— Task directions —
Restate the data below word for word, omitting pictures.

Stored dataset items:
-.-.-
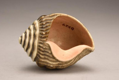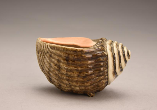 这是一件模仿天然海螺的像生瓷。整体为仿自然海螺式,螺尖部略凸,五级螺旋状的螺层。内施釉呈杏红色,釉质光滑,似乎有珍珠般的光泽。外部施釉呈灰色、褐色,深浅不一,并在视觉上有贝壳的光泽。具有排列整齐而平的螺肋和细沟,逼真生动。底部有乳状三足,以稳定杯体。口部呈不规则的椭圆形,似乎刚刚被人取出螺肉。在形、色和质感上的高度逼真,栩栩如生。把口部贴在耳朵上,也会像真的海螺一样,能听到大海的声音。亦可以作水丞或者赏玩摆设之物。
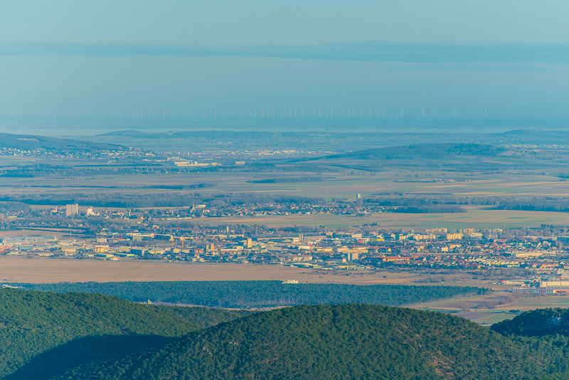 Wiener Neustadt, Theresienfeld and lake Neusiedl in the distance..
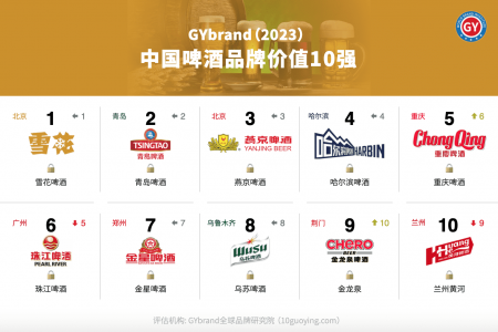 GYbrand最新中国啤酒品牌价值10强排名:雪花、青岛啤酒、燕京、哈啤、重庆啤酒、珠江、金星、乌苏、金龙泉、兰州黄河。青岛啤酒缩小与榜首的差距,明年有望登顶。
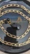 Gold tone, polished hammered elongated oval link, gold tone bead and black facetted acrylic bead drop. This is a pre-loved piece in very nice pre-loved condition, please see photos for measurements and details.
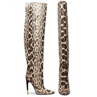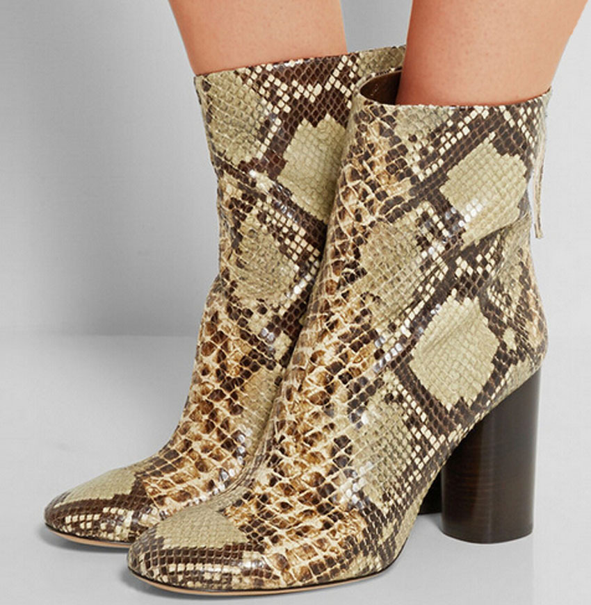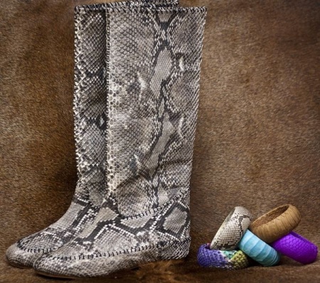 - Python leather boots are a versatile, effective and stylish product. Not every woman can afford such shoes, but if you still get them, then you are a bright personality who has a great sense of style.
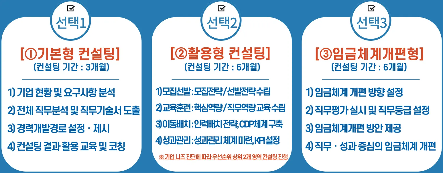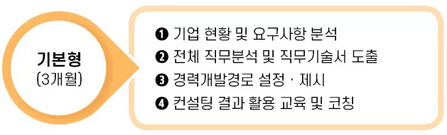상시 근로자수 30인 이상의 중소·중견기업에 NCS기반의 직무분석 및 경력개발 경로 설정, 역량모델링, 컨설팅 결과 활용교육, 체계적인 직무·성과 중심의 인사관리 방법론 (모집선발, 교육훈련, 성과관리체계, 이동배치, 임금체계 개편 등)을 제시·적용하는 컨설팅입니다.
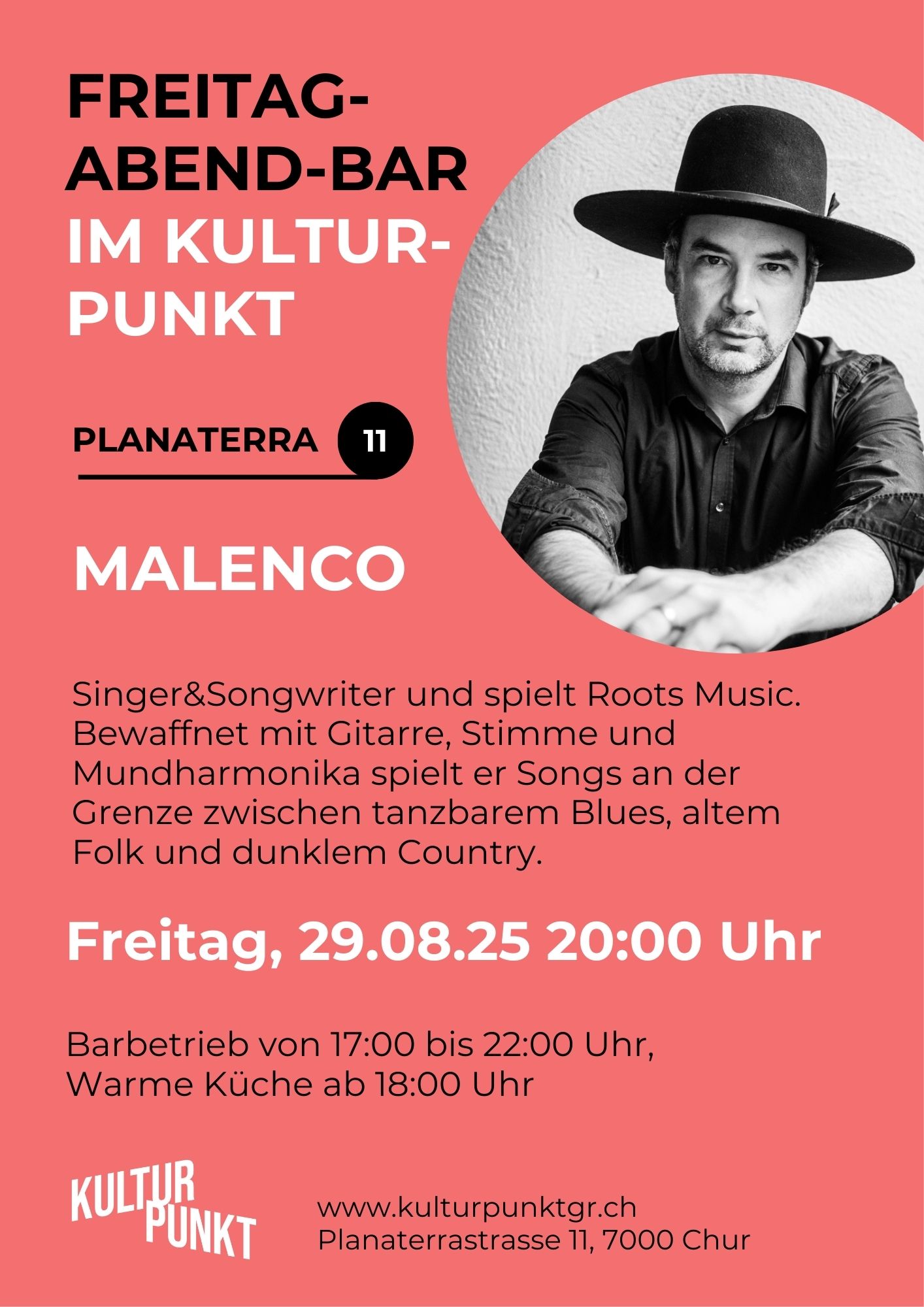 Heute zu Gast ist MALENCO – Singer & Songwriter, der mit Gitarre, Stimme und Mundharmonika seine ganz eigene Mischung aus Roots Music präsentiert. Seine Songs bewegen sich an der Grenze zwischen tanzbarem Blues, traditionellem Folk und dunklem Country. Authentisch, roh und mitreissend – Musik, die direkt ins Herz geht und die Beine nicht stillstehen lässt.
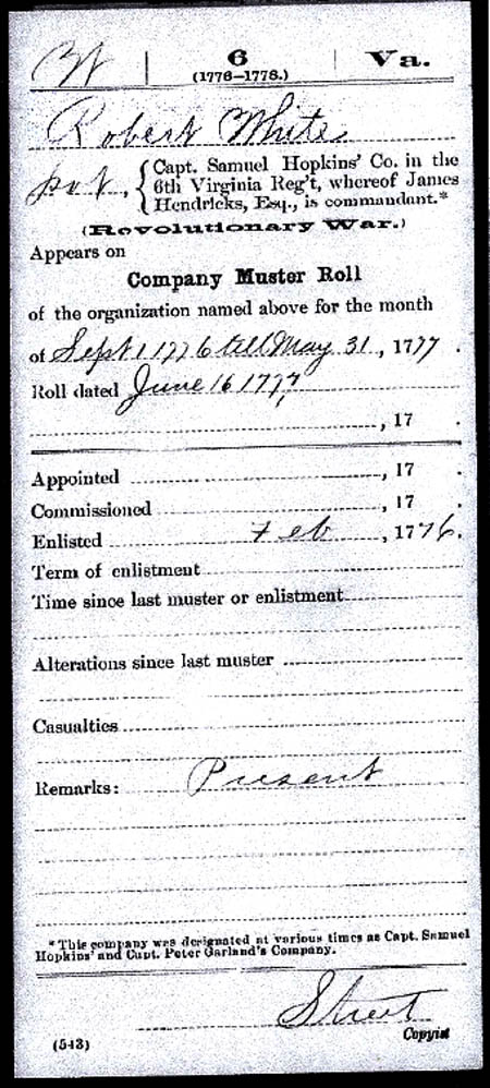 Samuel Hopkins Company 6th VA Regt. June 1777.
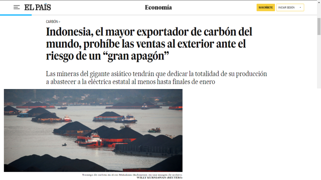 Por su parte, el Gobierno de Indonesia, el mayor exportador de carbón para uso energético del mundo, ha prohibido este sábado las exportaciones de este mineral por miedo a no poder abastecer el mercado interno para la generación de electricidad. Al menos hasta finales de enero, las mineras del gigante asiático tendrán que dedicar toda su producción a garantizar que haya suficiente carbón para alimentar las plantas térmicas que aportan más del 60% de la electricidad que consume la cuarta nación más poblada del mundo y una de las 10 mayores emisoras de gases de efecto invernadero.
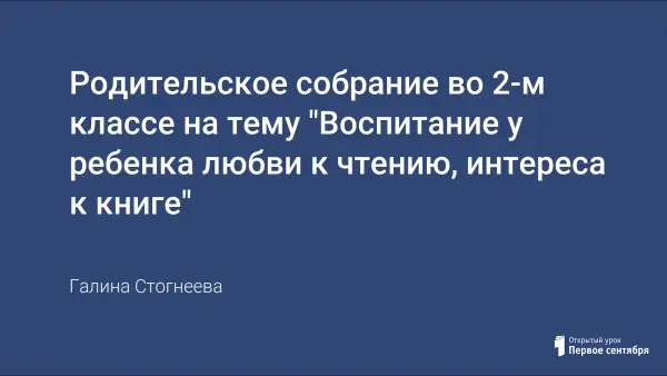 В современном обществе возрастает роль телевизора, компьютера и других технических средств в жизни родителей и их детей. В связи с этим принижается роль чтения в семье. Книга для ребенка является источником знаний, развития, познания мира. Однако важно воспитывать у ребенка с детства любовь к чтению, развивать интерес к книге. Своими наблюдениями и советами учитель делится с родителями на родительском собрании во втором классе.
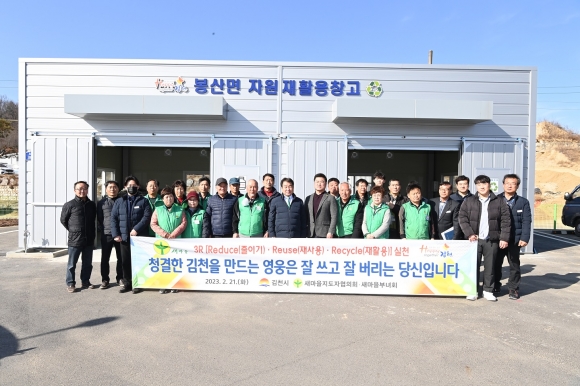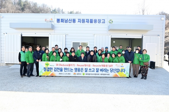 김천시 새마을협의회(회장 임상훈)에서도 읍면동별 자원재활용 창고시설 및 클린하우스를 진취적으로 활용하여 재활용가치가 높은 투명페트병, 우유팩 등을 분리배출하고 농촌 환경오염의 주요 원인으로 꼽히는 영농폐기물의 적절한 선별‧분리‧보관은 물론, 지역 주민들이 3R[(재사용(Reuse), 재활용(Recycle), 절약(Reduce)] 실천운동에 적극 참여할 수 있도록 재활용 배출요령 지도, 교육, 홍보 등에 앞장설 것을 다짐했다.
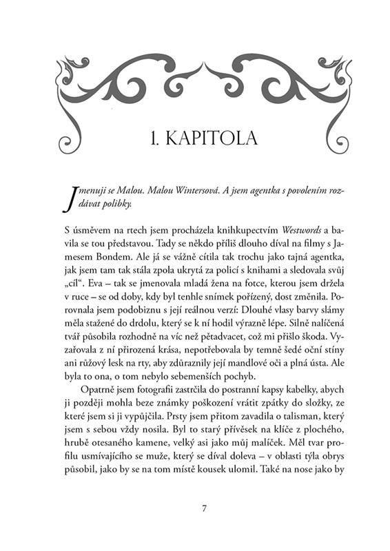 Malou je antimúza. Jako potomek skutečné ženy a fiktivního knižního hrdiny dostala do vínku neobvyklou schopnost: polibkem dokáže spisovatelům krást nápady. Svůj úděl se snaží využít pro dobro literatury, upadne však v podezření, že několik autorů připravila kromě nápadů i o život. Teď musí své jméno očistit a odhalit skutečného vraha. Proč se jí ale rozbuší srdce pokaždé, když se objeví ten protivný mladý detektiv ze Scotland Yardu? A nespravil by to taky polibek?
-.-.-
— Response below —
 这是一件模仿天然海螺的像生瓷。整体为仿自然海螺式,螺尖部略凸,五级螺旋状的螺层。内施釉呈杏红色,釉质光滑,似乎有珍珠般的光泽。外部施釉呈灰色、褐色,深浅不一,并在视觉上有贝壳的光泽。具有排列整齐而平的螺肋和细沟,逼真生动。底部有乳状三足,以稳定杯体。口部呈不规则的椭圆形,似乎刚刚被人取出螺肉。在形、色和质感上的高度逼真,栩栩如生。把口部贴在耳朵上,也会像真的海螺一样,能听到大海的声音。亦可以作水丞或者赏玩摆设之物。
 Wiener Neustadt, Theresienfeld and lake Neusiedl in the distance..
 GYbrand最新中国啤酒品牌价值10强排名:雪花、青岛啤酒、燕京、哈啤、重庆啤酒、珠江、金星、乌苏、金龙泉、兰州黄河。青岛啤酒缩小与榜首的差距,明年有望登顶。
 Gold tone, polished hammered elongated oval link, gold tone bead and black facetted acrylic bead drop. This is a pre-loved piece in very nice pre-loved condition, please see photos for measurements and details.
 - Python leather boots are a versatile, effective and stylish product. Not every woman can afford such shoes, but if you still get them, then you are a bright personality who has a great sense of style.
상시 근로자수 30인 이상의 중소·중견기업에 NCS기반의 직무분석 및 경력개발 경로 설정, 역량모델링, 컨설팅 결과 활용교육, 체계적인 직무·성과 중심의 인사관리 방법론 (모집선발, 교육훈련, 성과관리체계, 이동배치, 임금체계 개편 등)을 제시·적용하는 컨설팅입니다.
 Heute zu Gast ist MALENCO – Singer & Songwriter, der mit Gitarre, Stimme und Mundharmonika seine ganz eigene Mischung aus Roots Music präsentiert. Seine Songs bewegen sich an der Grenze zwischen tanzbarem Blues, traditionellem Folk und dunklem Country. Authentisch, roh und mitreissend – Musik, die direkt ins Herz geht und die Beine nicht stillstehen lässt.
 Samuel Hopkins Company 6th VA Regt. June 1777.
 Por su parte, el Gobierno de Indonesia, el mayor exportador de carbón para uso energético del mundo, ha prohibido este sábado las exportaciones de este mineral por miedo a no poder abastecer el mercado interno para la generación de electricidad. Al menos hasta finales de enero, las mineras del gigante asiático tendrán que dedicar toda su producción a garantizar que haya suficiente carbón para alimentar las plantas térmicas que aportan más del 60% de la electricidad que consume la cuarta nación más poblada del mundo y una de las 10 mayores emisoras de gases de efecto invernadero.
 В современном обществе возрастает роль телевизора, компьютера и других технических средств в жизни родителей и их детей. В связи с этим принижается роль чтения в семье. Книга для ребенка является источником знаний, развития, познания мира. Однако важно воспитывать у ребенка с детства любовь к чтению, развивать интерес к книге. Своими наблюдениями и советами учитель делится с родителями на родительском собрании во втором классе.
 김천시 새마을협의회(회장 임상훈)에서도 읍면동별 자원재활용 창고시설 및 클린하우스를 진취적으로 활용하여 재활용가치가 높은 투명페트병, 우유팩 등을 분리배출하고 농촌 환경오염의 주요 원인으로 꼽히는 영농폐기물의 적절한 선별‧분리‧보관은 물론, 지역 주민들이 3R[(재사용(Reuse), 재활용(Recycle), 절약(Reduce)] 실천운동에 적극 참여할 수 있도록 재활용 배출요령 지도, 교육, 홍보 등에 앞장설 것을 다짐했다.
 Malou je antimúza. Jako potomek skutečné ženy a fiktivního knižního hrdiny dostala do vínku neobvyklou schopnost: polibkem dokáže spisovatelům krást nápady. Svůj úděl se snaží využít pro dobro literatury, upadne však v podezření, že několik autorů připravila kromě nápadů i o život. Teď musí své jméno očistit a odhalit skutečného vraha. Proč se jí ale rozbuší srdce pokaždé, když se objeví ten protivný mladý detektiv ze Scotland Yardu? A nespravil by to taky polibek?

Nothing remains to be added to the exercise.